> Exercise:
For every line below, restate it exactly and drop the images.

> Data excerpt:
★ ★ ★ ★ ★

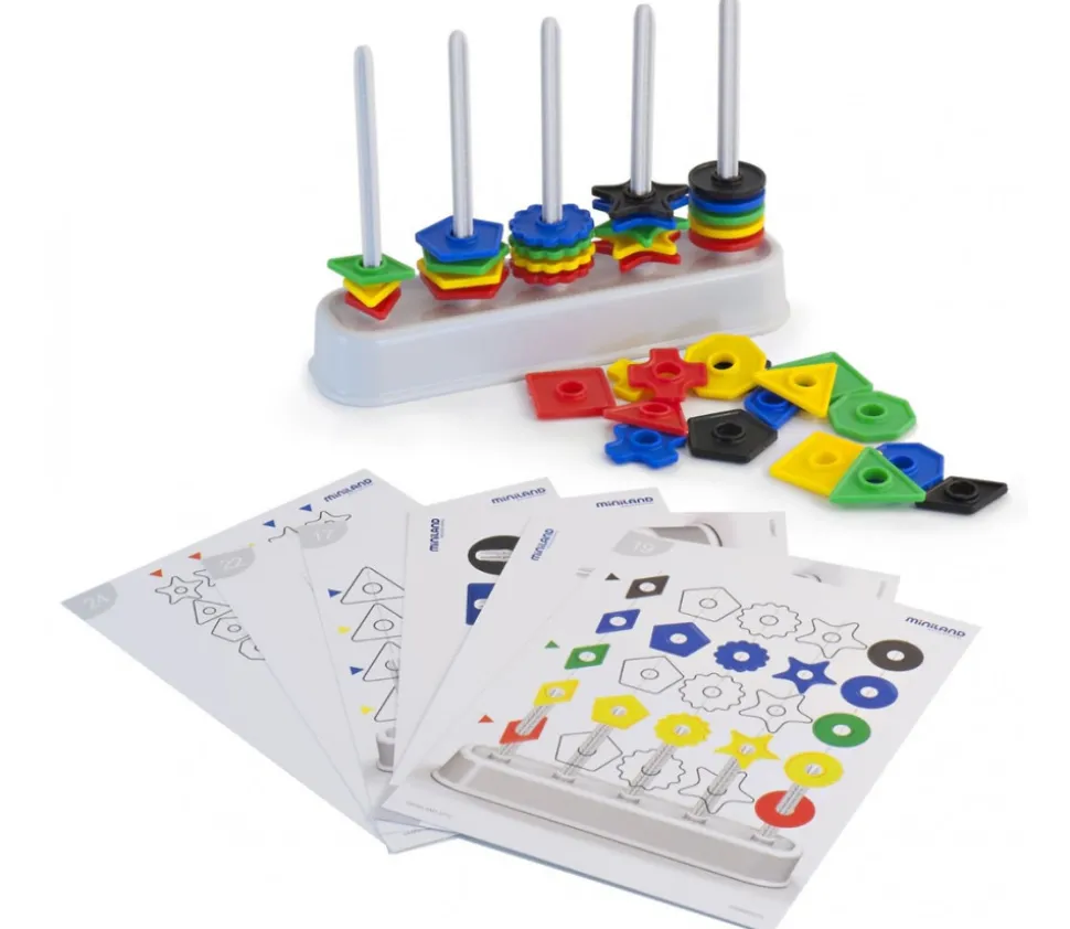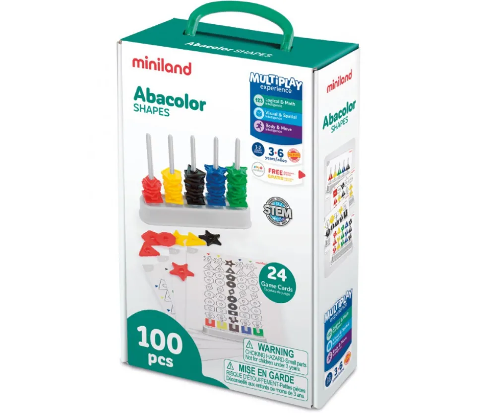 Abacolor shapes. Socle abaque pour enfiler différentes formes et couleurs. Matériel STEM d’aide à l’apprentissage des mathématiques.
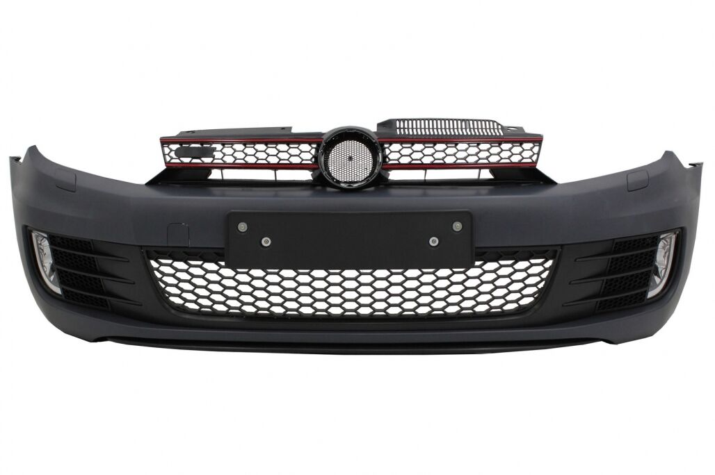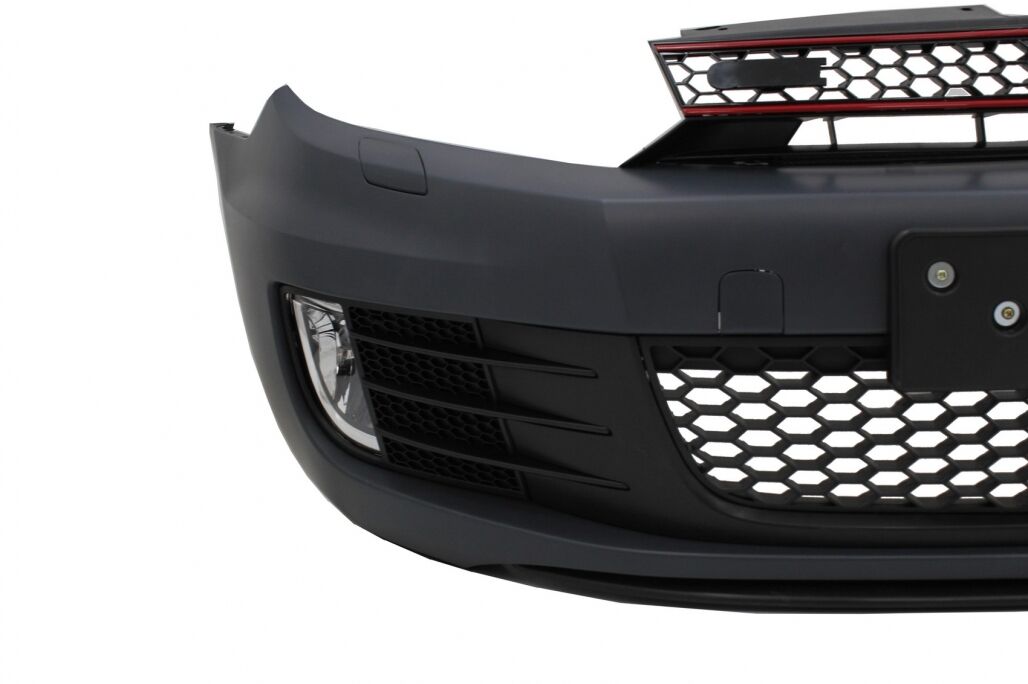 Intro This package is meant to add a sporty touch on your Volkswagen and transform it in a genuine GTI model. Design GTI Description Front Bumper made from high quality polypropylene, prepared for painting operation (primed) Equipped with honey comb front grille, central-lower grille, side grilles, fog light projectors and lower bumper extension. The bumper is not compatible with cars equipped with PDC For Golf VI models equipped with Headlights Washing System (SRA) the washing fluid tank must be replaced with genuine GTI washing fluid tank Also the headlights washers covers must be replaced with headlights washer covers for genuine GTI Front Bumper Add-On Spoiler Lip Material: Crafted in high-quality plastic Color: Piano Black Fitting and Installation Fitting instructions not included. Installation in an authorized car service is highly recommended. Package Contains: Front bumper Front bumper lower extension Central grille Fog lamps License plate support is not included. Genuine License plate support can be used. Front bumper lip extension spoiler (3 pcs) Screws Certificates Product without E-mark/ABE/TUV. These are high quality aftermarket parts. Not suitable for: VW Golf VI 6 MK6 R20 VW Golf VI 6 MK6 GTI/GTD Variant models
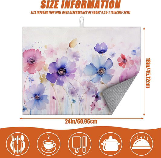 Watercolor Flowers Dish Drying Mat for Kitchen Counter Microfiber Absorbent Dish Kitchen Drying Mat Draining Reusable Washable for Dishes/Utensils/Counterto
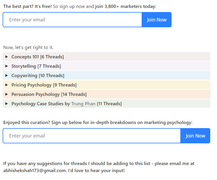 One of Abhi's growth tactics is to produce high quality content related to marketing psychology and then require folks to subscribe for access.

★ ★ ★ ★ ★

> Written response:
 Abacolor shapes. Socle abaque pour enfiler différentes formes et couleurs. Matériel STEM d’aide à l’apprentissage des mathématiques.
 Intro This package is meant to add a sporty touch on your Volkswagen and transform it in a genuine GTI model. Design GTI Description Front Bumper made from high quality polypropylene, prepared for painting operation (primed) Equipped with honey comb front grille, central-lower grille, side grilles, fog light projectors and lower bumper extension. The bumper is not compatible with cars equipped with PDC For Golf VI models equipped with Headlights Washing System (SRA) the washing fluid tank must be replaced with genuine GTI washing fluid tank Also the headlights washers covers must be replaced with headlights washer covers for genuine GTI Front Bumper Add-On Spoiler Lip Material: Crafted in high-quality plastic Color: Piano Black Fitting and Installation Fitting instructions not included. Installation in an authorized car service is highly recommended. Package Contains: Front bumper Front bumper lower extension Central grille Fog lamps License plate support is not included. Genuine License plate support can be used. Front bumper lip extension spoiler (3 pcs) Screws Certificates Product without E-mark/ABE/TUV. These are high quality aftermarket parts. Not suitable for: VW Golf VI 6 MK6 R20 VW Golf VI 6 MK6 GTI/GTD Variant models
 Watercolor Flowers Dish Drying Mat for Kitchen Counter Microfiber Absorbent Dish Kitchen Drying Mat Draining Reusable Washable for Dishes/Utensils/Counterto
 One of Abhi's growth tactics is to produce high quality content related to marketing psychology and then require folks to subscribe for access.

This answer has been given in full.